The data:
☆ ☆ ☆
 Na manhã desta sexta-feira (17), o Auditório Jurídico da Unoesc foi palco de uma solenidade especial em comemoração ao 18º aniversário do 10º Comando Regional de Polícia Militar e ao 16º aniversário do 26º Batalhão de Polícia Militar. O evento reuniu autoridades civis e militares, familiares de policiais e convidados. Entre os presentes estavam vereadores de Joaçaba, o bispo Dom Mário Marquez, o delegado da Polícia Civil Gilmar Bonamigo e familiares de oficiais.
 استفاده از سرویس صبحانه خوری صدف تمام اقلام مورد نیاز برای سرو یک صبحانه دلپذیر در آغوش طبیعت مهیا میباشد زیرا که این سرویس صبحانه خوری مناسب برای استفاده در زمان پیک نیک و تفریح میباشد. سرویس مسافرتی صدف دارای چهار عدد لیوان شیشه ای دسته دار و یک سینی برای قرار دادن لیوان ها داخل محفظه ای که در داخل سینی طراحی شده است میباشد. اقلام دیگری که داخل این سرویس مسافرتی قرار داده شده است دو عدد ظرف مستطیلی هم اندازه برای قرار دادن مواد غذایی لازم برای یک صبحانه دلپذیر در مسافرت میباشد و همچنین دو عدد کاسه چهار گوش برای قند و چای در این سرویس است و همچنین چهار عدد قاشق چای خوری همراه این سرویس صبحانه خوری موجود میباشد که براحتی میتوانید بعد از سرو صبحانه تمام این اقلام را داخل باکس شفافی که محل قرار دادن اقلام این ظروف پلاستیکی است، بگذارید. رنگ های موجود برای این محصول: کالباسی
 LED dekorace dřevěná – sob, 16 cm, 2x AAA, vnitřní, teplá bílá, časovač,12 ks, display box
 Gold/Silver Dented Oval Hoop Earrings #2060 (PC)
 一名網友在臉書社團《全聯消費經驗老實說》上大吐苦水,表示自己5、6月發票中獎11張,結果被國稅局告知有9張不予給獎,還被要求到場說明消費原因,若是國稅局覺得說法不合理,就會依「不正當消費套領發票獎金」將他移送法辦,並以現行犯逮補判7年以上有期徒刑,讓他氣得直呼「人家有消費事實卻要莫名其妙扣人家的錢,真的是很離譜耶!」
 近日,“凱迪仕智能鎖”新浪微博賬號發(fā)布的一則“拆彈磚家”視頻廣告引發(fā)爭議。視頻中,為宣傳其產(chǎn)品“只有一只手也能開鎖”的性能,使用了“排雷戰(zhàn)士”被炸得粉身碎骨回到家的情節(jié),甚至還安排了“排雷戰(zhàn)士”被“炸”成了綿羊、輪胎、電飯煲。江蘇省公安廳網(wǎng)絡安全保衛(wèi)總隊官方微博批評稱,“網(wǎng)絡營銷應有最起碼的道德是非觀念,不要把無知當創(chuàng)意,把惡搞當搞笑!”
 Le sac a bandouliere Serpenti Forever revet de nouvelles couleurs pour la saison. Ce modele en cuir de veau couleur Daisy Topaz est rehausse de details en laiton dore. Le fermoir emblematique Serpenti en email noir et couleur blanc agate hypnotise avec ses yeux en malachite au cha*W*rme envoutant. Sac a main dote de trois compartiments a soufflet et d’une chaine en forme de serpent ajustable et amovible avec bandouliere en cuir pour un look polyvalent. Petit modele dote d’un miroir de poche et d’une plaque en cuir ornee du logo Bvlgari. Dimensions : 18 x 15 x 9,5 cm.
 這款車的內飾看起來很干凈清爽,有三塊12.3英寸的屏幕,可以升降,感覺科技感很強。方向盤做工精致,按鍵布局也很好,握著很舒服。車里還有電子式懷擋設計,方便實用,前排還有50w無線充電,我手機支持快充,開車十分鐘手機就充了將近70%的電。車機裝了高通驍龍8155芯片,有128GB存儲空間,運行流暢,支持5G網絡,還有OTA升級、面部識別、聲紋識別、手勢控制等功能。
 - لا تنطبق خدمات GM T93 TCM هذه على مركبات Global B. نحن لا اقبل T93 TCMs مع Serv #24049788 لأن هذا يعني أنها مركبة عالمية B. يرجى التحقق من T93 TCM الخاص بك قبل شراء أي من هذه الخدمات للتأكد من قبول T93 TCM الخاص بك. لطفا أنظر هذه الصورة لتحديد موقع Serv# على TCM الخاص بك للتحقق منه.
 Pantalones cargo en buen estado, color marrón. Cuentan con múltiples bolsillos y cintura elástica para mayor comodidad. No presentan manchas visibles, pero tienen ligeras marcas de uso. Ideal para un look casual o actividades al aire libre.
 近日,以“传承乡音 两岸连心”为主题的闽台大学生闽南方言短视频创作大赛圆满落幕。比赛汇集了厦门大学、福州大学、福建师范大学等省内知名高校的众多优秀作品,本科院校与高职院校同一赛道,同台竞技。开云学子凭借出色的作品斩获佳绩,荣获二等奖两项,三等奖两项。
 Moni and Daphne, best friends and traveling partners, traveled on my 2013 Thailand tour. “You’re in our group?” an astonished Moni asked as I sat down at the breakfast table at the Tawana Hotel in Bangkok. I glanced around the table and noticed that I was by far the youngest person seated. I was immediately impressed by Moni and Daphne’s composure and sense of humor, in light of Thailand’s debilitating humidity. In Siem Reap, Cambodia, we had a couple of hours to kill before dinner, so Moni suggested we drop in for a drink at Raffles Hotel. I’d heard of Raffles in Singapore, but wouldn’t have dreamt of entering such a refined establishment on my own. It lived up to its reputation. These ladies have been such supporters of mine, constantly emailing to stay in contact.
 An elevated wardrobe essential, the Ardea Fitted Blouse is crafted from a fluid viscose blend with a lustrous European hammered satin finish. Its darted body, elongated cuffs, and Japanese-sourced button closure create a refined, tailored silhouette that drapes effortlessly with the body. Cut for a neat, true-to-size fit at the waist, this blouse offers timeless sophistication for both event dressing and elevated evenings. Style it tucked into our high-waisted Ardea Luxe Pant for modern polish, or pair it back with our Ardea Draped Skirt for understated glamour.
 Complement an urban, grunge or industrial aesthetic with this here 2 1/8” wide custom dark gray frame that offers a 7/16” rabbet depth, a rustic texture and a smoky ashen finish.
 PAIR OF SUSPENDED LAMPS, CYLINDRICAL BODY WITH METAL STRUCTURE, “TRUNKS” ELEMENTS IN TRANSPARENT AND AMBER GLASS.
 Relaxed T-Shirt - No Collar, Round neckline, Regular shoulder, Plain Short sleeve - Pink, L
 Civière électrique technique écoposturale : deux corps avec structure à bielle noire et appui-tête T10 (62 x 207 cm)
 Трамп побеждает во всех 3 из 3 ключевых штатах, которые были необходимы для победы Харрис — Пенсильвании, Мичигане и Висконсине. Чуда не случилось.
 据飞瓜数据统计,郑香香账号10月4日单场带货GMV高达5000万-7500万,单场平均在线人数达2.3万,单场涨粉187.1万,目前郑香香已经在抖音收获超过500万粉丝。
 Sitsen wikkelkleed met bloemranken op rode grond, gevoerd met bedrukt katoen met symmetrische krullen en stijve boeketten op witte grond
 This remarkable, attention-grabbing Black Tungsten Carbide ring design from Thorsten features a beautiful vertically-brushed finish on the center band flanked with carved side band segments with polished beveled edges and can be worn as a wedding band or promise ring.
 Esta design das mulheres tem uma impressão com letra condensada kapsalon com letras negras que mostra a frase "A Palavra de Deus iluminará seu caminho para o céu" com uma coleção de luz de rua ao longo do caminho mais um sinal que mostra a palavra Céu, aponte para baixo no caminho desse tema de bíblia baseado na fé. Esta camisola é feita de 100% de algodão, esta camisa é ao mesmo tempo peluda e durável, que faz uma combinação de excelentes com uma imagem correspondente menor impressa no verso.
☆ ☆ ☆
Problem statement:
Transcribe every entry word for word.

Completed exercise:
 Na manhã desta sexta-feira (17), o Auditório Jurídico da Unoesc foi palco de uma solenidade especial em comemoração ao 18º aniversário do 10º Comando Regional de Polícia Militar e ao 16º aniversário do 26º Batalhão de Polícia Militar. O evento reuniu autoridades civis e militares, familiares de policiais e convidados. Entre os presentes estavam vereadores de Joaçaba, o bispo Dom Mário Marquez, o delegado da Polícia Civil Gilmar Bonamigo e familiares de oficiais.
 استفاده از سرویس صبحانه خوری صدف تمام اقلام مورد نیاز برای سرو یک صبحانه دلپذیر در آغوش طبیعت مهیا میباشد زیرا که این سرویس صبحانه خوری مناسب برای استفاده در زمان پیک نیک و تفریح میباشد. سرویس مسافرتی صدف دارای چهار عدد لیوان شیشه ای دسته دار و یک سینی برای قرار دادن لیوان ها داخل محفظه ای که در داخل سینی طراحی شده است میباشد. اقلام دیگری که داخل این سرویس مسافرتی قرار داده شده است دو عدد ظرف مستطیلی هم اندازه برای قرار دادن مواد غذایی لازم برای یک صبحانه دلپذیر در مسافرت میباشد و همچنین دو عدد کاسه چهار گوش برای قند و چای در این سرویس است و همچنین چهار عدد قاشق چای خوری همراه این سرویس صبحانه خوری موجود میباشد که براحتی میتوانید بعد از سرو صبحانه تمام این اقلام را داخل باکس شفافی که محل قرار دادن اقلام این ظروف پلاستیکی است، بگذارید. رنگ های موجود برای این محصول: کالباسی
 LED dekorace dřevěná – sob, 16 cm, 2x AAA, vnitřní, teplá bílá, časovač,12 ks, display box
 Gold/Silver Dented Oval Hoop Earrings #2060 (PC)
 一名網友在臉書社團《全聯消費經驗老實說》上大吐苦水,表示自己5、6月發票中獎11張,結果被國稅局告知有9張不予給獎,還被要求到場說明消費原因,若是國稅局覺得說法不合理,就會依「不正當消費套領發票獎金」將他移送法辦,並以現行犯逮補判7年以上有期徒刑,讓他氣得直呼「人家有消費事實卻要莫名其妙扣人家的錢,真的是很離譜耶!」
 近日,“凱迪仕智能鎖”新浪微博賬號發(fā)布的一則“拆彈磚家”視頻廣告引發(fā)爭議。視頻中,為宣傳其產(chǎn)品“只有一只手也能開鎖”的性能,使用了“排雷戰(zhàn)士”被炸得粉身碎骨回到家的情節(jié),甚至還安排了“排雷戰(zhàn)士”被“炸”成了綿羊、輪胎、電飯煲。江蘇省公安廳網(wǎng)絡安全保衛(wèi)總隊官方微博批評稱,“網(wǎng)絡營銷應有最起碼的道德是非觀念,不要把無知當創(chuàng)意,把惡搞當搞笑!”
 Le sac a bandouliere Serpenti Forever revet de nouvelles couleurs pour la saison. Ce modele en cuir de veau couleur Daisy Topaz est rehausse de details en laiton dore. Le fermoir emblematique Serpenti en email noir et couleur blanc agate hypnotise avec ses yeux en malachite au cha*W*rme envoutant. Sac a main dote de trois compartiments a soufflet et d’une chaine en forme de serpent ajustable et amovible avec bandouliere en cuir pour un look polyvalent. Petit modele dote d’un miroir de poche et d’une plaque en cuir ornee du logo Bvlgari. Dimensions : 18 x 15 x 9,5 cm.
 這款車的內飾看起來很干凈清爽,有三塊12.3英寸的屏幕,可以升降,感覺科技感很強。方向盤做工精致,按鍵布局也很好,握著很舒服。車里還有電子式懷擋設計,方便實用,前排還有50w無線充電,我手機支持快充,開車十分鐘手機就充了將近70%的電。車機裝了高通驍龍8155芯片,有128GB存儲空間,運行流暢,支持5G網絡,還有OTA升級、面部識別、聲紋識別、手勢控制等功能。
 - لا تنطبق خدمات GM T93 TCM هذه على مركبات Global B. نحن لا اقبل T93 TCMs مع Serv #24049788 لأن هذا يعني أنها مركبة عالمية B. يرجى التحقق من T93 TCM الخاص بك قبل شراء أي من هذه الخدمات للتأكد من قبول T93 TCM الخاص بك. لطفا أنظر هذه الصورة لتحديد موقع Serv# على TCM الخاص بك للتحقق منه.
 Pantalones cargo en buen estado, color marrón. Cuentan con múltiples bolsillos y cintura elástica para mayor comodidad. No presentan manchas visibles, pero tienen ligeras marcas de uso. Ideal para un look casual o actividades al aire libre.
 近日,以“传承乡音 两岸连心”为主题的闽台大学生闽南方言短视频创作大赛圆满落幕。比赛汇集了厦门大学、福州大学、福建师范大学等省内知名高校的众多优秀作品,本科院校与高职院校同一赛道,同台竞技。开云学子凭借出色的作品斩获佳绩,荣获二等奖两项,三等奖两项。
 Moni and Daphne, best friends and traveling partners, traveled on my 2013 Thailand tour. “You’re in our group?” an astonished Moni asked as I sat down at the breakfast table at the Tawana Hotel in Bangkok. I glanced around the table and noticed that I was by far the youngest person seated. I was immediately impressed by Moni and Daphne’s composure and sense of humor, in light of Thailand’s debilitating humidity. In Siem Reap, Cambodia, we had a couple of hours to kill before dinner, so Moni suggested we drop in for a drink at Raffles Hotel. I’d heard of Raffles in Singapore, but wouldn’t have dreamt of entering such a refined establishment on my own. It lived up to its reputation. These ladies have been such supporters of mine, constantly emailing to stay in contact.
 An elevated wardrobe essential, the Ardea Fitted Blouse is crafted from a fluid viscose blend with a lustrous European hammered satin finish. Its darted body, elongated cuffs, and Japanese-sourced button closure create a refined, tailored silhouette that drapes effortlessly with the body. Cut for a neat, true-to-size fit at the waist, this blouse offers timeless sophistication for both event dressing and elevated evenings. Style it tucked into our high-waisted Ardea Luxe Pant for modern polish, or pair it back with our Ardea Draped Skirt for understated glamour.
 Complement an urban, grunge or industrial aesthetic with this here 2 1/8” wide custom dark gray frame that offers a 7/16” rabbet depth, a rustic texture and a smoky ashen finish.
 PAIR OF SUSPENDED LAMPS, CYLINDRICAL BODY WITH METAL STRUCTURE, “TRUNKS” ELEMENTS IN TRANSPARENT AND AMBER GLASS.
 Relaxed T-Shirt - No Collar, Round neckline, Regular shoulder, Plain Short sleeve - Pink, L
 Civière électrique technique écoposturale : deux corps avec structure à bielle noire et appui-tête T10 (62 x 207 cm)
 Трамп побеждает во всех 3 из 3 ключевых штатах, которые были необходимы для победы Харрис — Пенсильвании, Мичигане и Висконсине. Чуда не случилось.
 据飞瓜数据统计,郑香香账号10月4日单场带货GMV高达5000万-7500万,单场平均在线人数达2.3万,单场涨粉187.1万,目前郑香香已经在抖音收获超过500万粉丝。
 Sitsen wikkelkleed met bloemranken op rode grond, gevoerd met bedrukt katoen met symmetrische krullen en stijve boeketten op witte grond
 This remarkable, attention-grabbing Black Tungsten Carbide ring design from Thorsten features a beautiful vertically-brushed finish on the center band flanked with carved side band segments with polished beveled edges and can be worn as a wedding band or promise ring.
 Esta design das mulheres tem uma impressão com letra condensada kapsalon com letras negras que mostra a frase "A Palavra de Deus iluminará seu caminho para o céu" com uma coleção de luz de rua ao longo do caminho mais um sinal que mostra a palavra Céu, aponte para baixo no caminho desse tema de bíblia baseado na fé. Esta camisola é feita de 100% de algodão, esta camisa é ao mesmo tempo peluda e durável, que faz uma combinação de excelentes com uma imagem correspondente menor impressa no verso.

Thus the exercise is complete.